Mental health · 38 CFR 4.130
Mental Health Conditions and VA Disability
Mental health is the largest area of VA disability claims, and one of the hardest to prove on paper. PTSD, depression, and anxiety are the most common. The VA rates nearly all of them with one set of rules, the General Rating Formula in 38 CFR 4.130.
Patriot Path writes the medical piece of these claims. Our licensed psychologists and physicians write nexus letters and independent medical opinions that connect your condition to your service. One flat fee of $1,500, and the first consultation is free.

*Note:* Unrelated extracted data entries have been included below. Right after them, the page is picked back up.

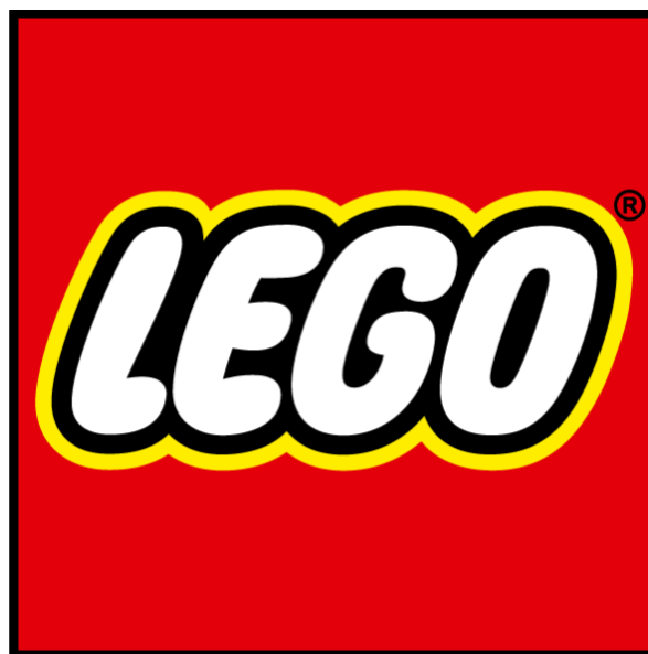
Figure 1: Lego Brand Logo

LEGO is a company that is driven by its goal. This company makes it very clear that the objectives of the product are to encourage youngsters, to educate them to work together and solve problems, and to foster their creative potential. The acquisition of all of these talents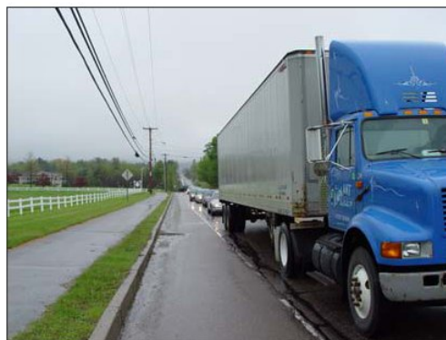
Photo 2: PM Traffic on VT 2A About 1/2 Mile South of Mountain View Road (Level of Service F)

Truck traffic represents a relatively high percentage of overall traffic on Project Area roadways. Trucks represent between five and six percent of overall annual average daily traffic on VT 2A (which is part of the Vermont Truck Network) between Mountain View Road in Williston and Five Corners in Essex Junction, a predominately a residential area. These percentages approximate those of I-89 in Chittenden County, on which trucks represent between five and nine percent of average annual daily traffic. Truck traffic in the Project Area is a concern due to its adverse effects on the suburban and rural character of the Project Area, and due to safety and environmental concerns raised with heavy truck movements on roads that may have inadequate design features to accommodate such movements.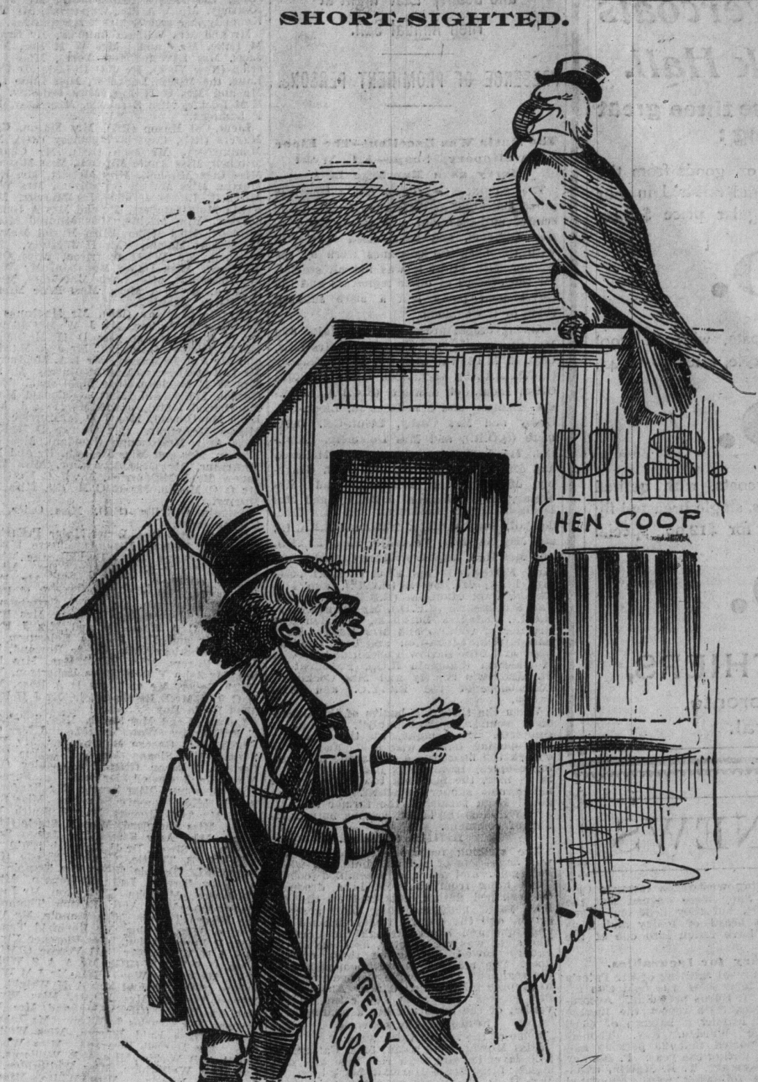
Deacon Laurier will find nothing in that coop for him—and he may go up against a bird that will cost him his political life.

TO CURE A COLD IN ONE DAY. Take Lassalle's Bromo Quinine Tablets. All druggists refund the money if it fails to cure. 25 cents.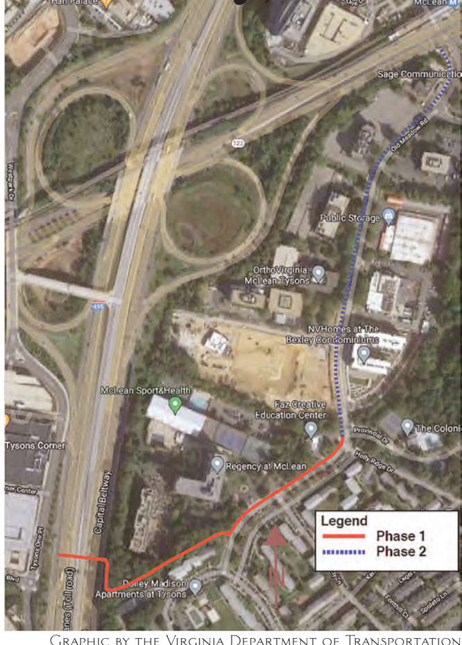
Access to Tysons is planned to improve for cyclists and pedestrians.

The pricetag for the whole project is $13.4 million and it is financed with federal, state and local funding. Phase I is scheduled to be completed in 2022, VDOT said, and the phase II work will be scheduled when funding becomes available.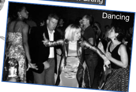
"Midnight at the Oasis"

the Whitney Museum of American Art. (see related article, page 2)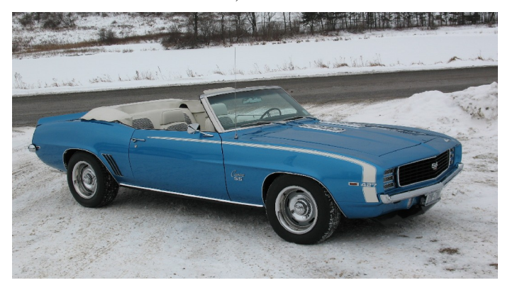
Ready for delivery January 2008

over one too many times Lemans blue with white interior. His car started life as a SS- 350 with an automatic transmission. Now we have

Reviewed by the Patriot Path Medical Team
Licensed psychologists (PhD) and physicians • Last updated: June 2026
Conditions in this system
These are the mental health conditions veterans claim most. PTSD has a full guide now, with a rating estimator and the service-connection pathways. The rest are on the way.
- PTSD
The most claimed mental health condition. Special stressor rules apply.
DC 9411
- Depression
Major depressive disorder. Often tied to chronic pain or another service condition.
DC 9434
- Anxiety
Generalized anxiety disorder and related conditions.
DC 9400
- Bipolar disorder
Mood swings between deep lows and high, manic periods.
DC 9432
- Adjustment disorderGuide in progress
A strong, lasting reaction to a stressful change or event.
DC 9440
- Panic disorder
Repeated panic attacks, sometimes with agoraphobia.
DC 9412
How the VA rates mental health conditions
Nearly every mental health condition is rated with the same yardstick: the General Rating Formula in 38 CFR 4.130. The rating is 0, 10, 30, 50, 70, or 100 percent.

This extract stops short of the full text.